💡 律咖编者按: 本文由律咖网社群读者 Tianyuexing 投稿分享。 为了方便大家阅读,律咖网编辑 JingJing(微信:lvga2015)对原文进行了细致的逻辑润色与合规性整理。希望能给正在 希腊 创业路上的你带来真实的参考。


I didn’t think a piece of paper would cost me more than my flight to Corfu.

I’m Tianyuexing — 29, from Fujian, studied English in Henan, now running a tiny外贸SOHO from a rented apartment in Corfu. My business? Selling small home goods to buyers in Germany and the UK. No warehouse. No team. Just me, my laptop, and a growing list of payment requests.

Last month, I sent a shipment to a client in Berlin. We agreed on price over WhatsApp. He paid via PayPal. I shipped. Everything looked fine.

Then — silence.

Two weeks later, he asked for a refund. Said “we never signed anything.” I panicked. Wasn’t a text enough? Wasn’t the payment proof enough?

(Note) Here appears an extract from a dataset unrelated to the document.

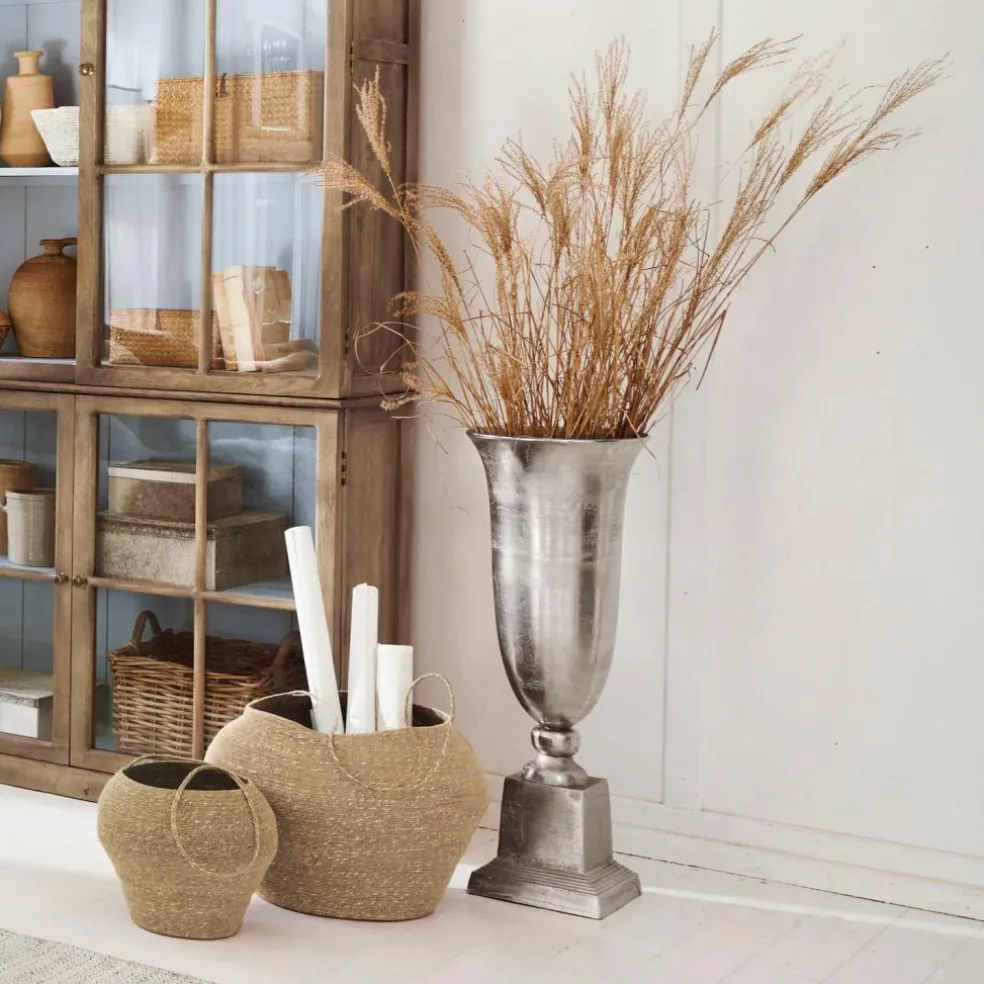 Die imposante Bodenvase in klassischer Pokalform wurde in Handarbeit mit einem Finish in Antiksilber versehen und matt gebürstet. So ist das außergewöhnliche Objekt nicht nur besonders unempfindlich in der Handhabung und Pflege, sondern auch ein ganz besonders schöner Anblick. Ob ganz pur oder gefüllt mit blühenden Ästen oder langstieligen Lilien – diese Bodenvase verleiht jedem Raum im Handumdrehen das gewisse Etwas. Unser Tipp: Großzügige Wohnräume oder auch der Eingangsbereich werden von dieser Vase – besonders auch im Doppelpack – absolut stilvoll dekoriert und geradezu geadelt.

I didn’t know. And that’s the problem.

I also thought — in a small island town like Corfu, where everyone knows everyone, maybe formal contracts are just… old-fashioned.

I was wrong.

I almost misunderstood this whole thing.

Later, I realized the process was far more complex than I imagined.


The Real Question: Do You Need a Written Agreement for Cross-Border Payments in Greece?

It’s not about trust.

It’s about traceability.

In Corfu, I talked to three people who’ve been here longer than I’ve been alive: a local accountant, a German expat running a café with online orders, and a freelance translator who handles EU-wide invoices.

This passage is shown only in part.